For the material below, reproduce exactly each line from the one that has "假期第一天,記者來到位于城關" through the one that has "French Art Nouveau", and no others; pictures stay out.
*** SUPPLIED INFORMATION ***
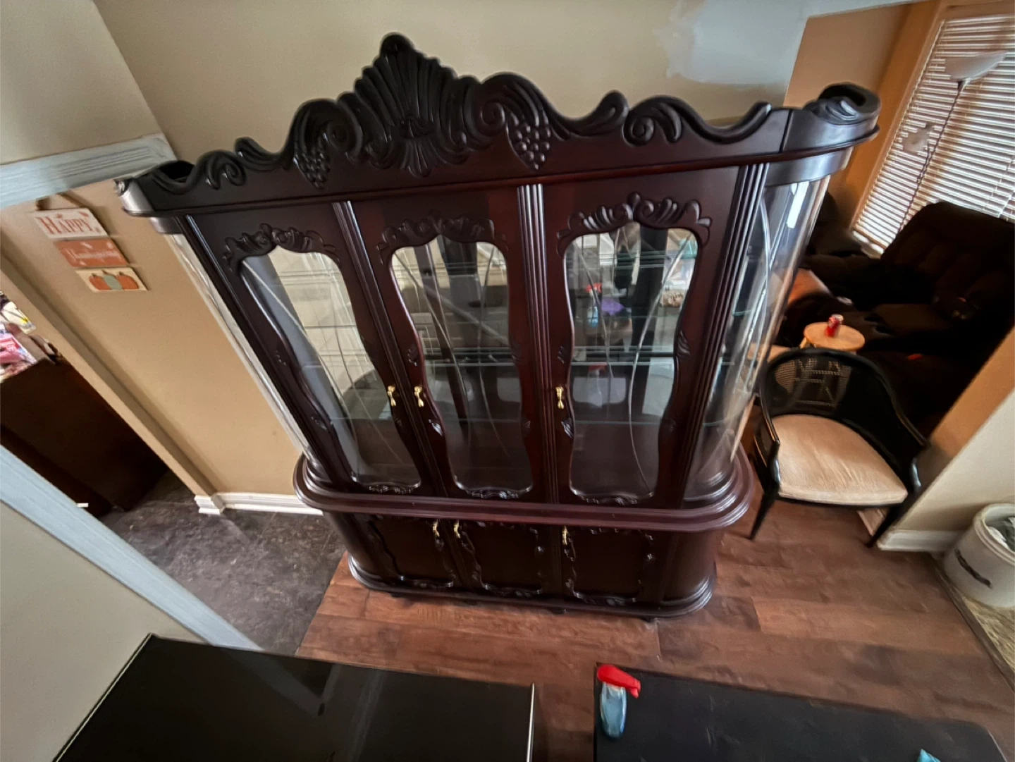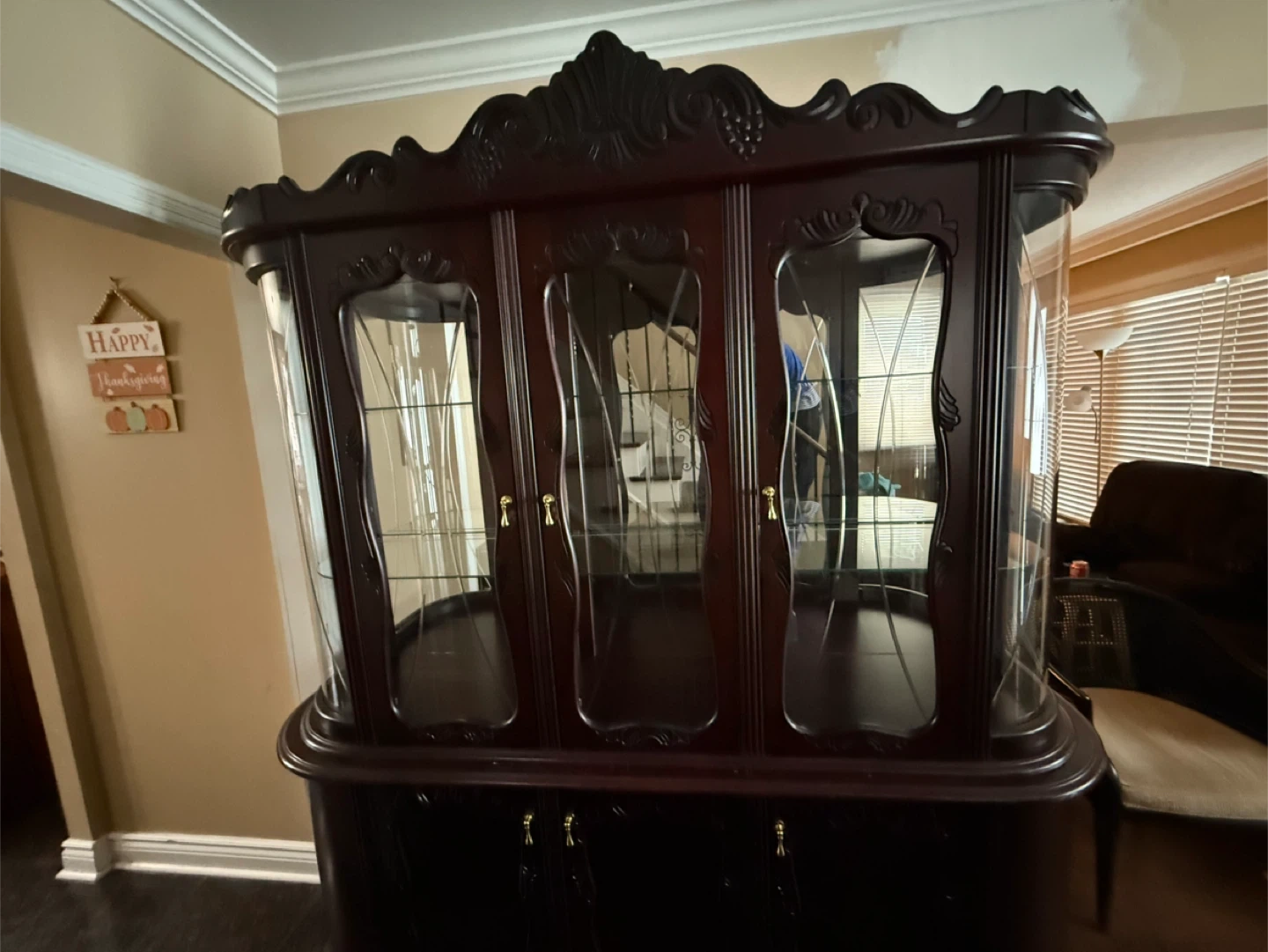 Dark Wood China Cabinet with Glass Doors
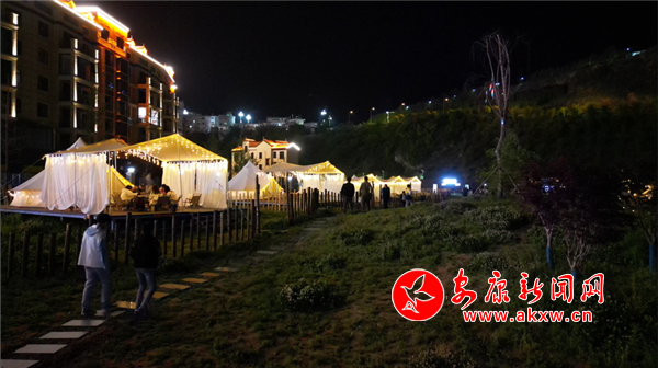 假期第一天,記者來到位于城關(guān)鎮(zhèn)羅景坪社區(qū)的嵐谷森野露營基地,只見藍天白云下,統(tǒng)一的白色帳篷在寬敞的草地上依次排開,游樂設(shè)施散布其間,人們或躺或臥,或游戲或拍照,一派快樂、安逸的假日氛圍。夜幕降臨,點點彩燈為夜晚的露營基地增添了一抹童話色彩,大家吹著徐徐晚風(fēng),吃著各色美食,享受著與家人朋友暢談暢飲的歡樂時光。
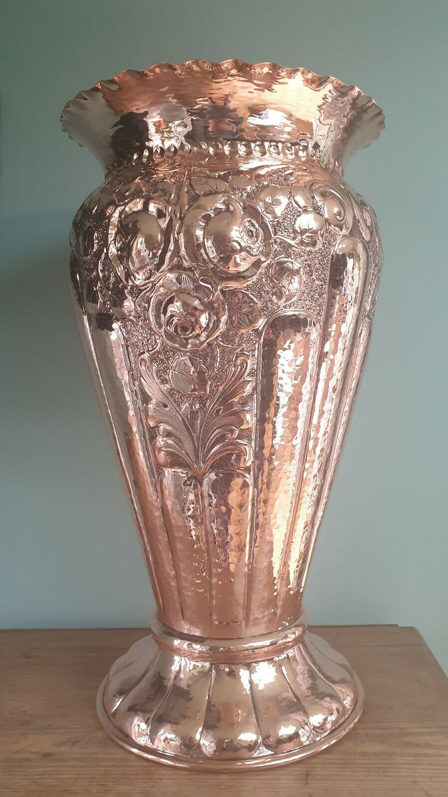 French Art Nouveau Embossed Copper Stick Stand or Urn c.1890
***
*** SUPPLIED INFORMATION ***
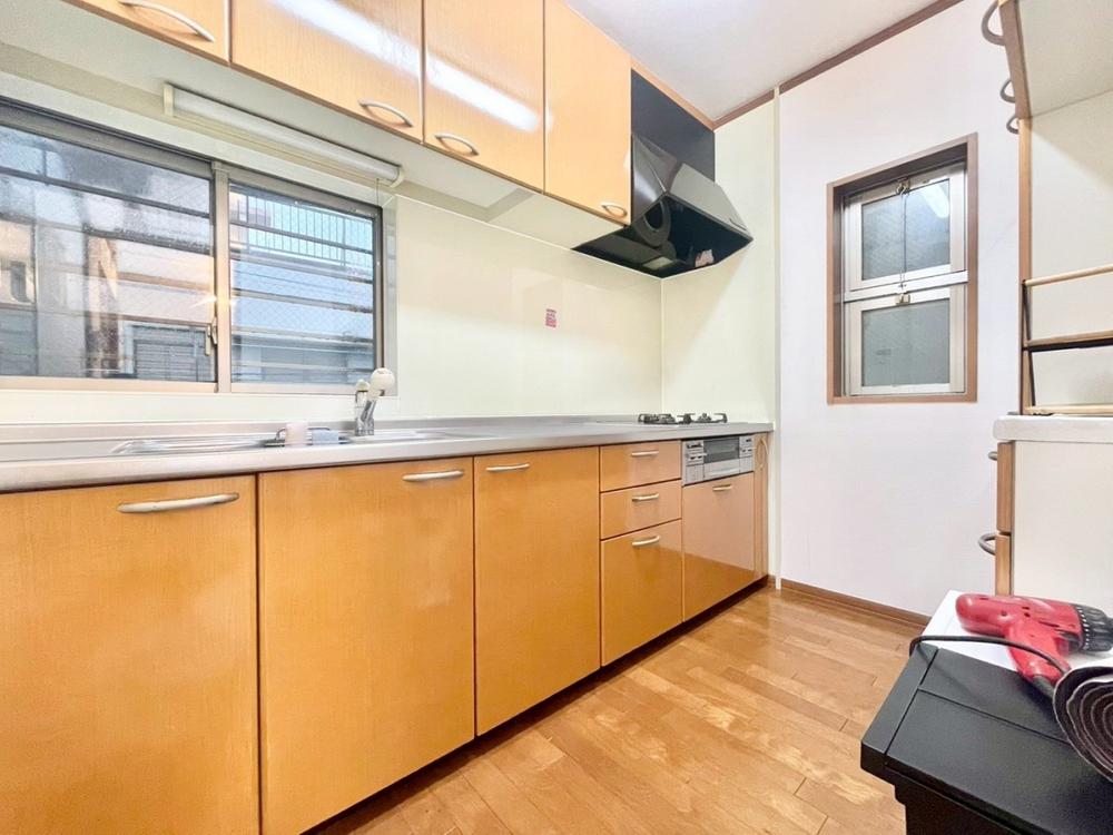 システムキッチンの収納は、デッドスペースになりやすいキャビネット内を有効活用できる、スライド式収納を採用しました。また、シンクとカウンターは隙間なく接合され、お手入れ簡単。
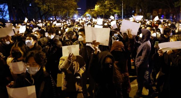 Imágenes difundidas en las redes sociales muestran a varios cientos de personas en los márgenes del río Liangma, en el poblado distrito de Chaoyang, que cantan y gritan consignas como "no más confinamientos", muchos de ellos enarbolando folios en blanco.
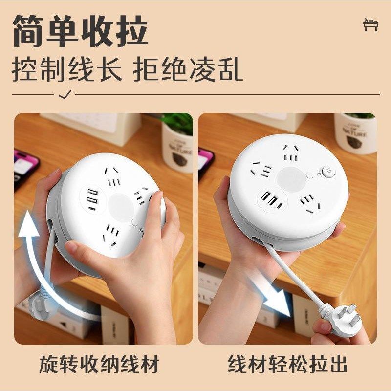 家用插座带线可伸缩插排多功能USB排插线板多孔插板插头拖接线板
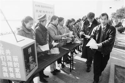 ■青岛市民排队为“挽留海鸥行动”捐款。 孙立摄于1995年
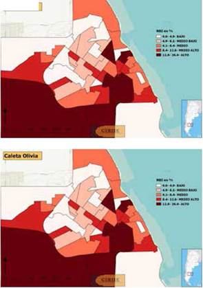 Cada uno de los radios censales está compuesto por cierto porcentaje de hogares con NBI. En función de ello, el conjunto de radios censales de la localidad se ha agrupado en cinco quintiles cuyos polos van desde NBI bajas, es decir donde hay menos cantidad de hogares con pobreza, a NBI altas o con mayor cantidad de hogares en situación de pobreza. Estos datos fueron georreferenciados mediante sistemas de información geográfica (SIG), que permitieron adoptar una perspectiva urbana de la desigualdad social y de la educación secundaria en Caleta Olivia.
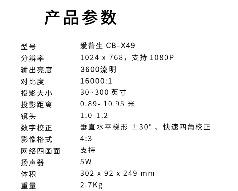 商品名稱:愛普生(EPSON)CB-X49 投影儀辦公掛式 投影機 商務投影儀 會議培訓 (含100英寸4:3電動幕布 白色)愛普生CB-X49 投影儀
***
◆ **WRITTEN RESPONSE**
 假期第一天,記者來到位于城關(guān)鎮(zhèn)羅景坪社區(qū)的嵐谷森野露營基地,只見藍天白云下,統(tǒng)一的白色帳篷在寬敞的草地上依次排開,游樂設(shè)施散布其間,人們或躺或臥,或游戲或拍照,一派快樂、安逸的假日氛圍。夜幕降臨,點點彩燈為夜晚的露營基地增添了一抹童話色彩,大家吹著徐徐晚風(fēng),吃著各色美食,享受著與家人朋友暢談暢飲的歡樂時光。
 French Art Nouveau Embossed Copper Stick Stand or Urn c.1890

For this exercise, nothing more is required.